Мутации рецептора к мелатонину назвали причиной идиопатического остеопороза from

Mutations in melatonin receptor linked to idiopathic osteoporosis

Key findings

Mutations in the melatonin receptor gene (MTNR1B) have been linked to idiopathic osteoporosis, a condition characterized by weak and brittle bones.
The study, published in the journal Nature Genetics, is the first to identify a genetic cause for idiopathic osteoporosis.
The findings could lead to new treatments for the condition.

Idiopathic osteoporosis

Osteoporosis is a condition that causes bones to become weak and brittle.
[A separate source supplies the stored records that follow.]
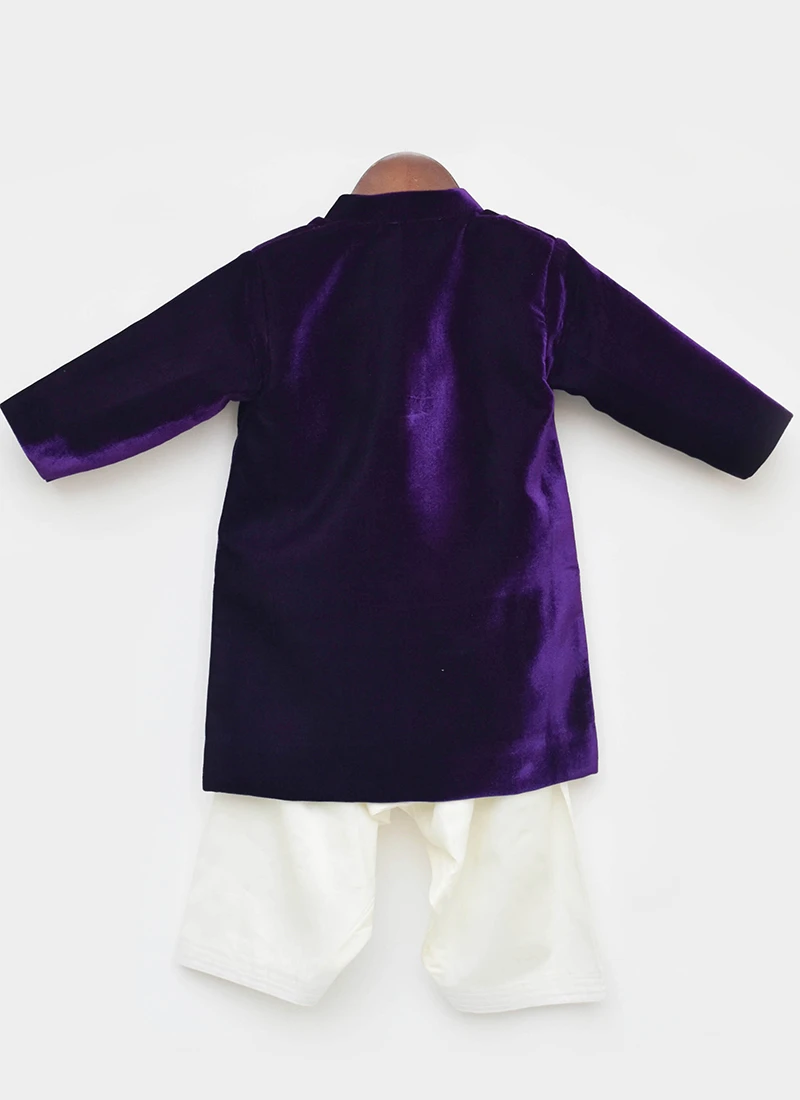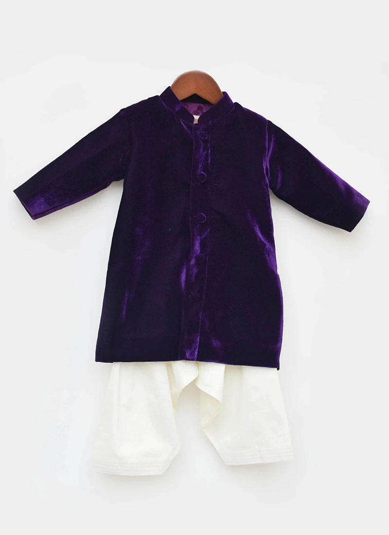 Your child looks pretty in this purple velvet classic sherwani with plain work and crafted with collar neck and full sleeves look desirable. This sherwani comes with off white cotton silk pant bottom.
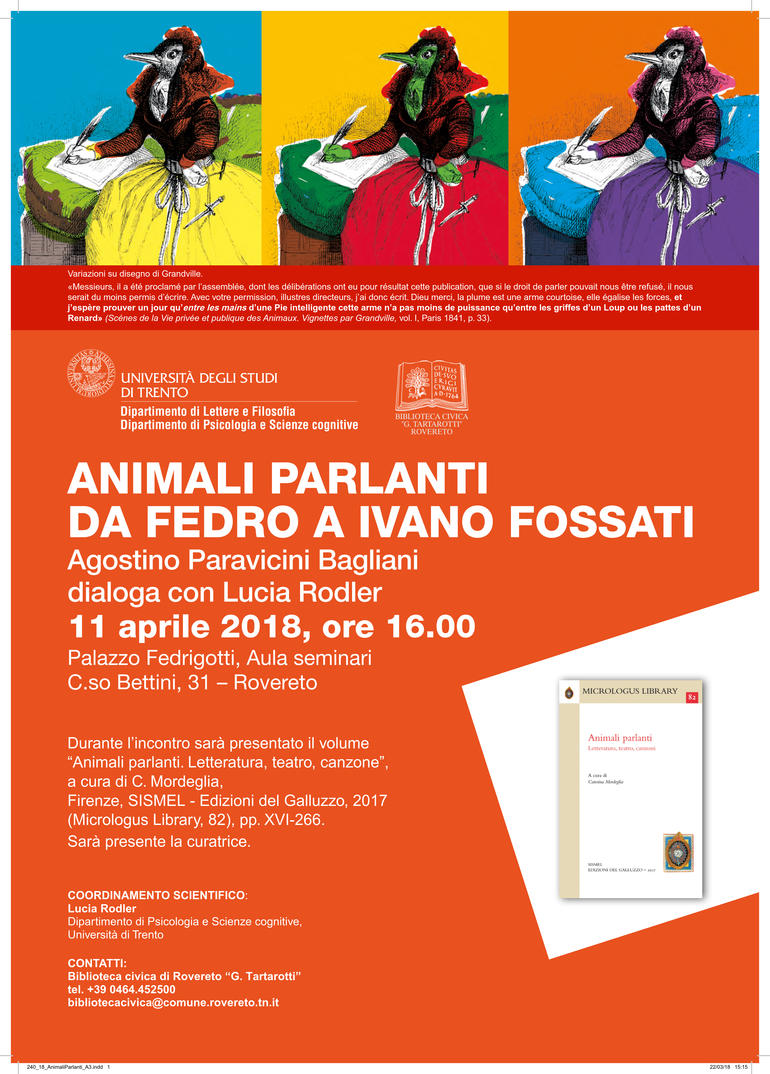 Durante l’incontro che si terrà presso Palazzo Fedrigotti (Aula convegni - c.so Bettini, 31 - Rovereto) sarà presentato il volume Animali parlanti. Letteratura, teatro, canzone, a cura di C. Mordeglia, Firenze, SISMEL - Edizioni del Galluzzo, 2017 (Micrologus Library, 82). Sarà presente la curatrice.
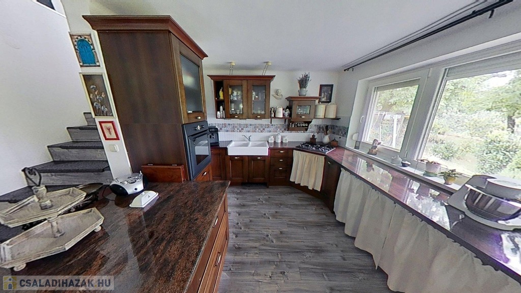 Itt, Bánoson található ez a 2016-ban teljeskörűen felújított ház, egy 1200 nm-es sík telken. Igény esetén a telek akár 4200nm-re is bővíthető. A kétszintes ház földszintjén nagy nappali, konyha, háló- és egy ebből nyíló fürdőszoba, egy külön wc és előszoba osztozik. A konyha bár egy légtér a nappalival, mégis jól elszeparált a nappali életterétől. A nappalinak van egy kisebb, hangulatos része, amit akár le is lehet választani egy gardróbnak, gyermekszobának, stb., bár kár lenne érte, mert jelenleg nagyon jó olvasó/dolgozósarokként működik.
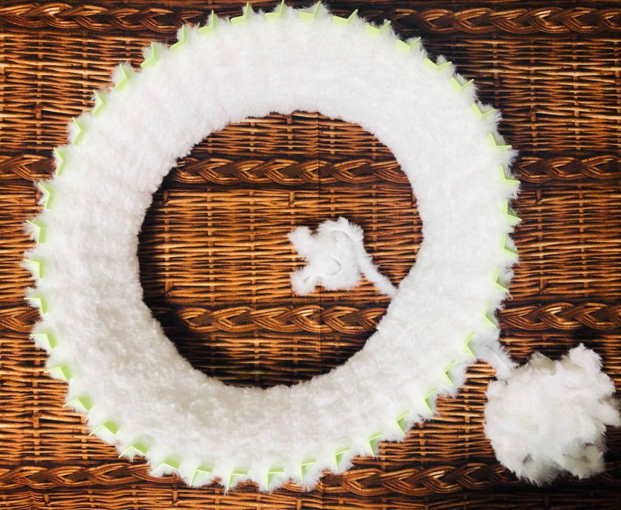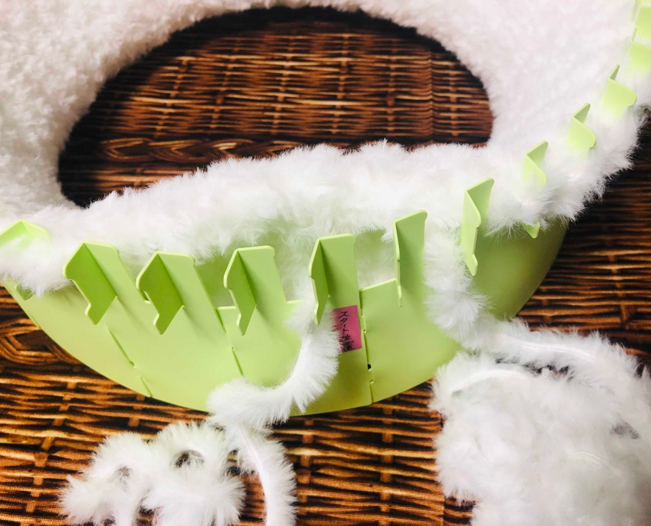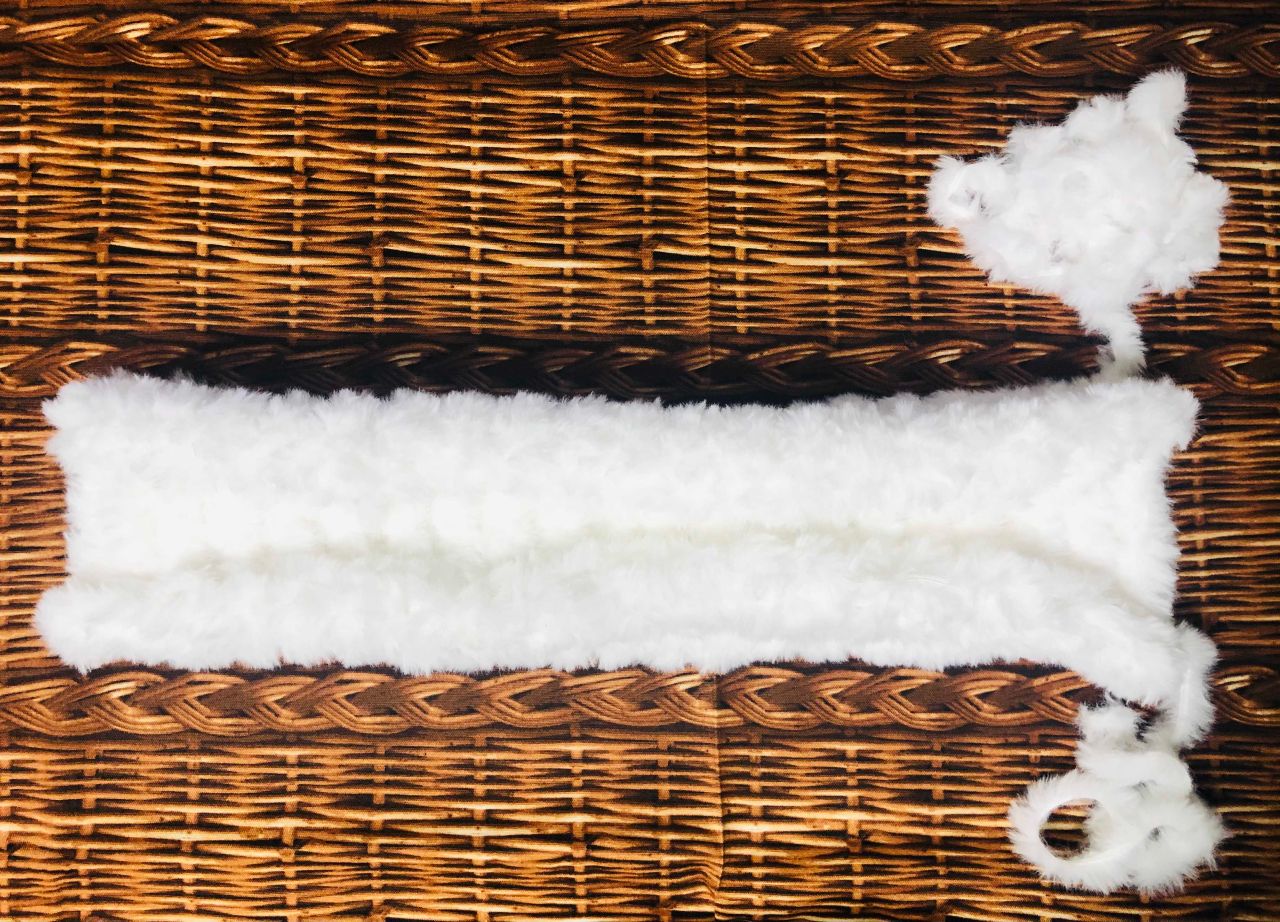 毛糸はふわふわで肌触りの良い『ルビーエコファー』を使用。
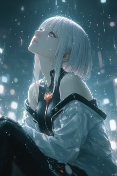 The image is an illustration of a young girl with long white hair and bangs, sitting on a bench in the rain. She is wearing a white jacket with a red and black design on the chest and black pants. The background is a cityscape with buildings and lights, and the sky is filled with raindrops. The girl is looking up towards the sky with a peaceful expression on her face. The overall mood of the image is calm and serene.
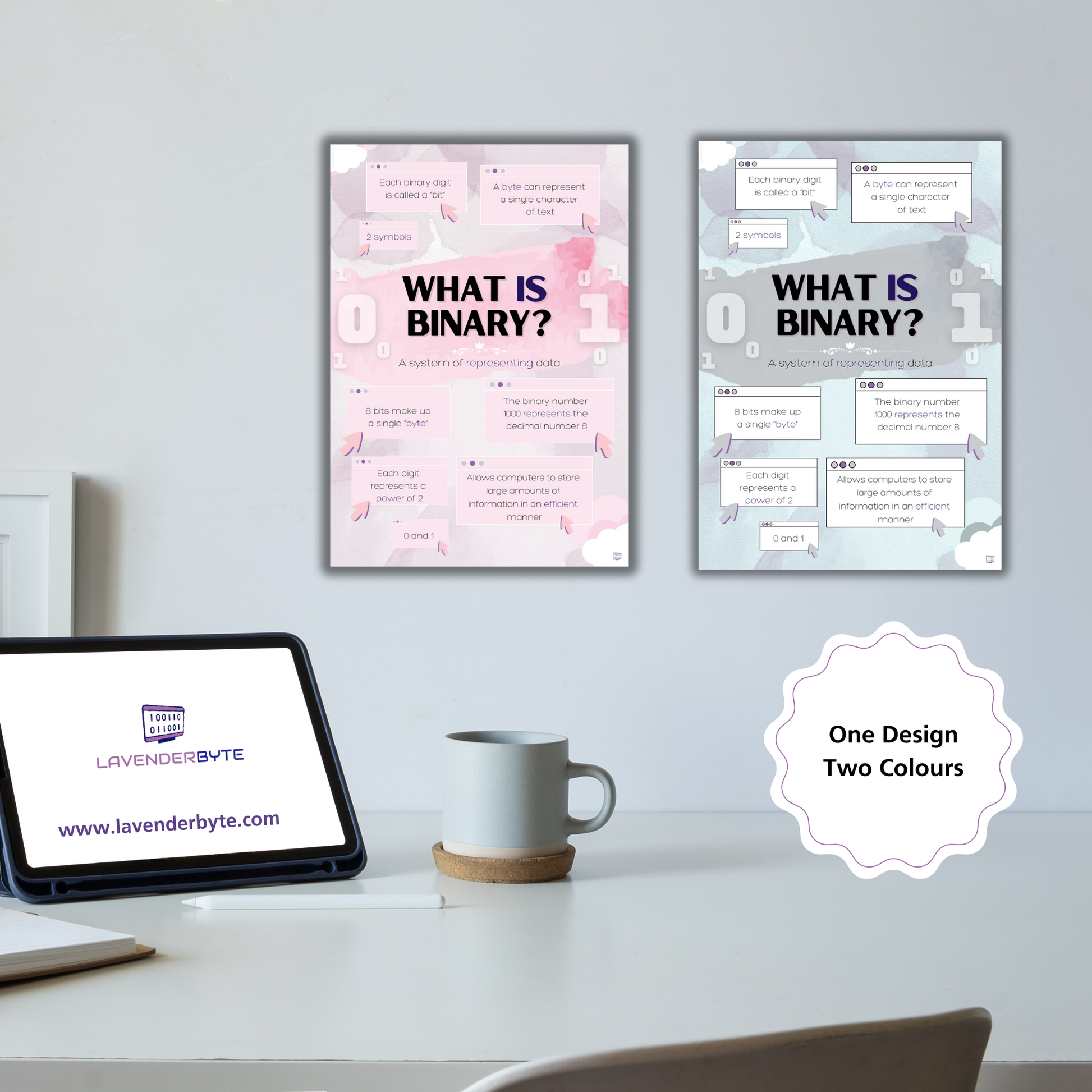 WHAT IS BINARY? Set of 2 posters (Pink and Grey/green).
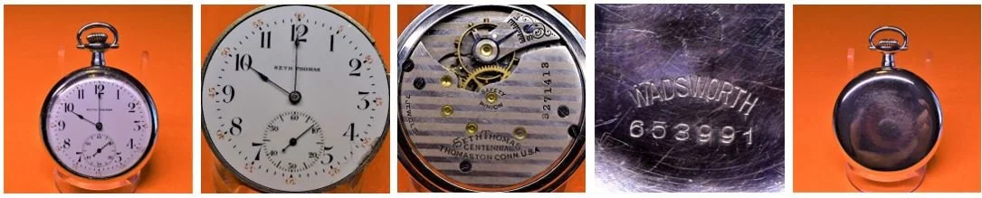 The movement is cased in a 12-size Wadsworth Watch Case Company open-face nickel pocket watch case with screw back and bezel, serial number 653991.
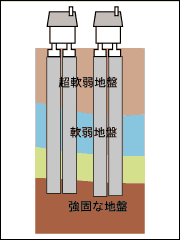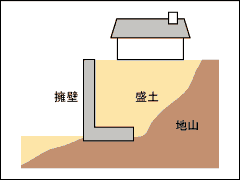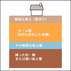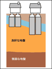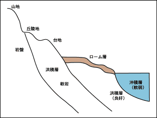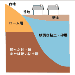 住宅を新築する場合、全く知らない土地に建てることがよくあります。その際、その土地が以前、どのような土地であったかを知ることは大切なことです。仮にそこが田んぼや畑であった場合、大きな地震等によって家が傾いたり沈下したりすることがあるからです。こうした土地では知らず知らずのうちに家が傾いて、ドアが閉まらなかったり、壁にひびが入ったりしてきますので、注意が必要です。最近、社会問題となっている欠陥住宅も土地(住宅地盤)の悪さかが原因となって発生することが少なからずあります。この原因をもう少し詳しく見ていくと、そこには軟弱地盤という問題が隠れているのです。軟弱地盤軟弱地盤とは文字どおり軟弱な地盤のことで、例えば水田や川の近く、低地、谷地など、水の溜まりやすい場所に多く見られます。つまり、軟弱とは水分と空気を多く含んだ土地のことを言い、このような場所に家を建てると家の重さで土中の水分が抜けて、その分だけ建物が沈下してしまいます。従ってこうした場所に家を建てる際は、必ず地盤調査をすることが大切です。調査費用は数万円、工事は数十万円ですが、将来住めなくなって取り壊すかもしれないことを考えると、決して高いとは言えないでしょう。軟弱地盤をつくる水と空気地盤は土と水と空気で構成されています。この中で地盤の強弱を決定するのは水と空気で、特に水の含有率が多くなるほど軟弱度の高い土地となります。掘り起こされた土地が柔らかいのは隙間(空気)が多いからであり、そこに水が染み込むと地盤はさらに軟弱化します。こうした地盤の上に家を建てる場合、一般的には締固めという作業を行います。これは土の中の空気を押し出して土中の隙間を小さくし、土の粒子間を密にして地盤を硬くする方法です。締固めが不十分だと雨が染み込んで地盤が緩み、酷い場合は家が傾いてしまいます。地震の揺れを増幅する軟弱地盤硬い地盤に比べて軟弱な地盤では、木造住宅を振動させやすい周波数が実に25倍にも達するという報告が京都大学防災研究所から出されています。震度7を計測した阪神大震災ではこの増幅作用が働きひときわ大きな揺れとなったと考えられています。震度7の大きな揺れを記録した「震災の帯」と呼ばれる一帯は、まさに軟弱地盤の集中する地域でもありました。地盤を知ろう同じように平らに見える宅地でも、場所によってその地盤構造が大きく違います。軟弱地盤なのに有効な対策のないまま家を建てると、不揃いに沈下するいわゆる"不同沈下"が起こります。夢にまで見た新居が傾いてしまわないために、地盤を知り、対策を立てることは非常に大切なことです。 良好な地盤構造の例 (台地) 軟弱な地盤構造の例 (谷地)軟弱地盤を見つけよう不同沈下を引き起こす軟弱地盤を見分けるには、専門業者に地盤調査を実施してもらうのが最も良い方法ですが、基本的な知識はもっておきましょう。 −軟弱地盤は低地に多い 雨水や地下水が集まるのは低地です。雨水は背後の高台から微細な泥を運んでくるため、何千年という長い年月の間に、厚く堆積して軟弱層を形成しています。軟弱地盤の多い場所・ 坂道の下りきったところは低地・ 水路や川、池のそばは低地・ 水に関係のある漢字を使う地名は低地が多い(池、渡、流、湘、島、崎、泉、谷、田、鷺、萩など) 地形断面概念図−盛土は要注意 地盤の弱い低地には盛土がかかせません。しかし1mの盛土は建物よりも重く、土の重さだけで圧密沈下しかねません。また建設廃材(ガラなど)が混入されている場合は、地盤沈下の新たな火種となります。一方、本来は地盤良好な高台の斜面造成地も、図のように工作物沿いの掘削埋め戻し地盤が締固め不十分だと、バランスが悪くなり注意が必要です。 ◆軟弱地盤対策地盤調査の結果に基づいて、軟弱度合いに応じた基礎仕様あるいは地盤補強工法を決定します。基礎仕様は一般的に次の5つがあります。1. 良好地盤の場合の場合 「標準の布基礎」1m3当たり5トン以上まで耐えられる「地耐力」があると診断されれば、この標準の布基礎を使う。 2. やや軟弱な地盤の場合 「底版を広げた布基礎」地盤調査により、1m3当たり3トン以上5トン未満の「やや軟弱」な地盤と診断された場合は基礎形状を変える必要がある。方法としては、基礎と地盤面が接するベースの幅を広げる。接地面が増えれば荷重が分散されるので、建物が軽くなるのと同じ効果が得られて沈下をより小さくすることができる。 3. 軟弱地盤の場合 「ベタ基礎仕様」ベースの幅で対応できるのは地耐力1m3当たり3トンが限度。2〜3トンまでの「軟弱」地盤の場合は床下全面にコンクリートを打つ「ベタ基礎」にして不同沈下を均等化させる方法がある。ただし、沈下が大きくなるので設計上注意が必要である。 4. 超軟弱地盤の場合 「特殊セメントを用いた地盤改良」地耐力1m3当たり2トン以下の「超軟弱」と診断されても、地盤補強工事を施せば家は
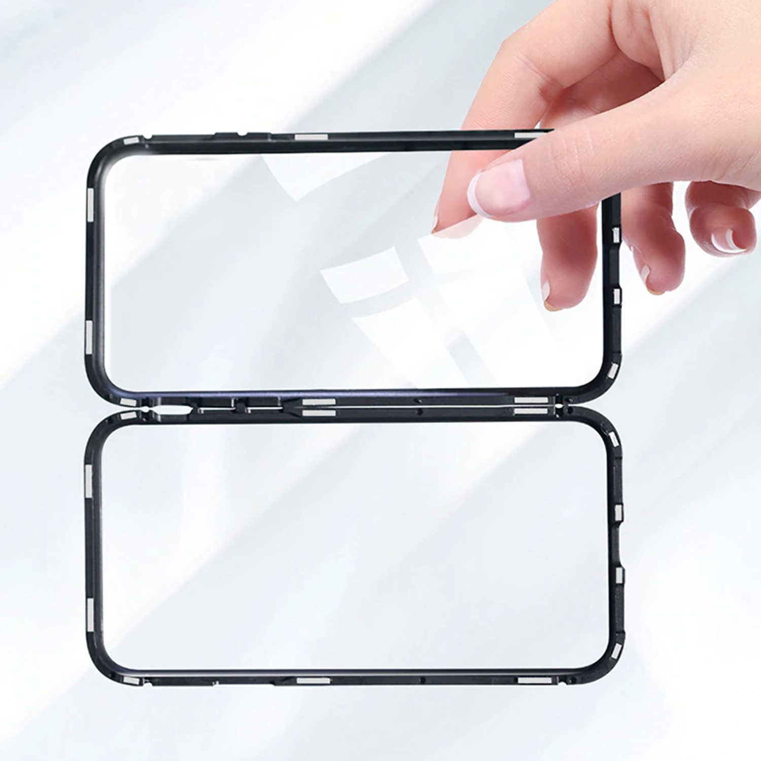 Produkt składa się z dwóch części. Pierwszą z nich jest tylna część, która składa się z kolorowej ramki, na której krawędziach zamontowane zostały magnesy, oraz przezroczystego szkła.
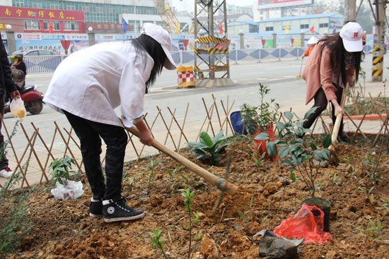 植树活动开始后,同学们干得热火朝天,整个活动充满了笑声。因为这是学校第一次组织同学植树,所以有很多的同学未曾有过植树经验,不少的女同学用锄头挖土显得很吃力。周围的男同学见状想要帮忙,但被女同学一口拒绝了,在长久的坚持下终于克服了这个难关。费了很大的劲才把一棵树种完,顾不上休息就小心地为小树挂上名牌,然后争相和小树合影留念。同学们都表示能为学校增加一片绿,都很高兴,同时也增强了保护校园环境、美丽校园的意识。
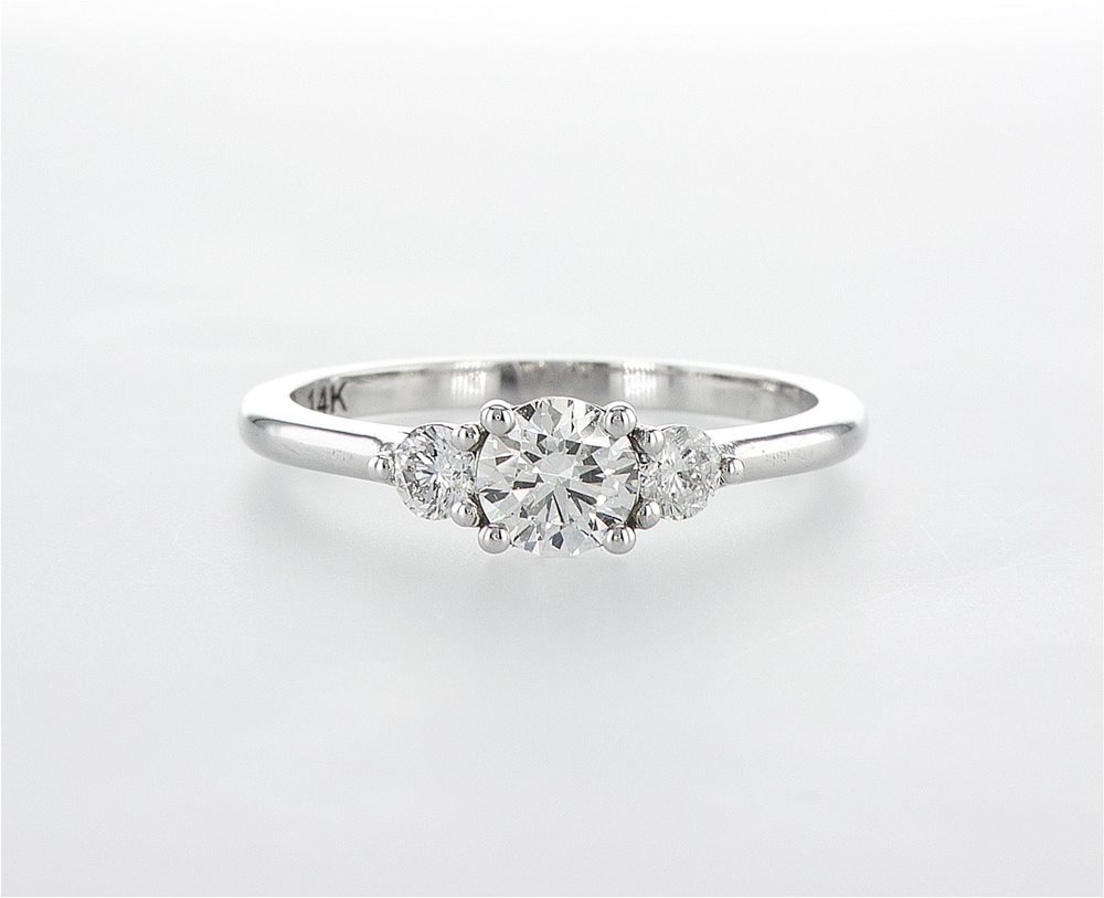 טבעת אירוסין שמורכבת משלושה יהלומים, משובצת יהלום מרכזי טבעי במשקל 0.56 נקודות באיכות F\VS, בתוספת שני יהלומי צד במשקל של 0.30 נקודות באיכות D-F\VS.

It is a major public health problem, affecting an estimated 10 million people in the United States. The most common type of osteoporosis is idiopathic osteoporosis, which has no known cause.

Melatonin receptor

The melatonin receptor is a protein that binds to melatonin, a hormone that is produced by the pineal gland. Melatonin is involved in a variety of physiological processes, including sleep regulation and bone metabolism.

Study results

The study included 1,000 people with idiopathic osteoporosis and 1,000 people without the condition. The researchers sequenced the MTNR1B gene in all of the participants and found that people with idiopathic osteoporosis were more likely to have mutations in the gene. The researchers also found that the mutations in the MTNR1B gene were associated with lower levels of melatonin in the blood. This suggests that the mutations may lead to idiopathic osteoporosis by reducing melatonin levels.

Conclusion

The study findings suggest that mutations in the MTNR1B gene are a cause of idiopathic osteoporosis. This is the first time that a genetic cause for the condition has been identified. The findings could lead to new treatments for idiopathic osteoporosis.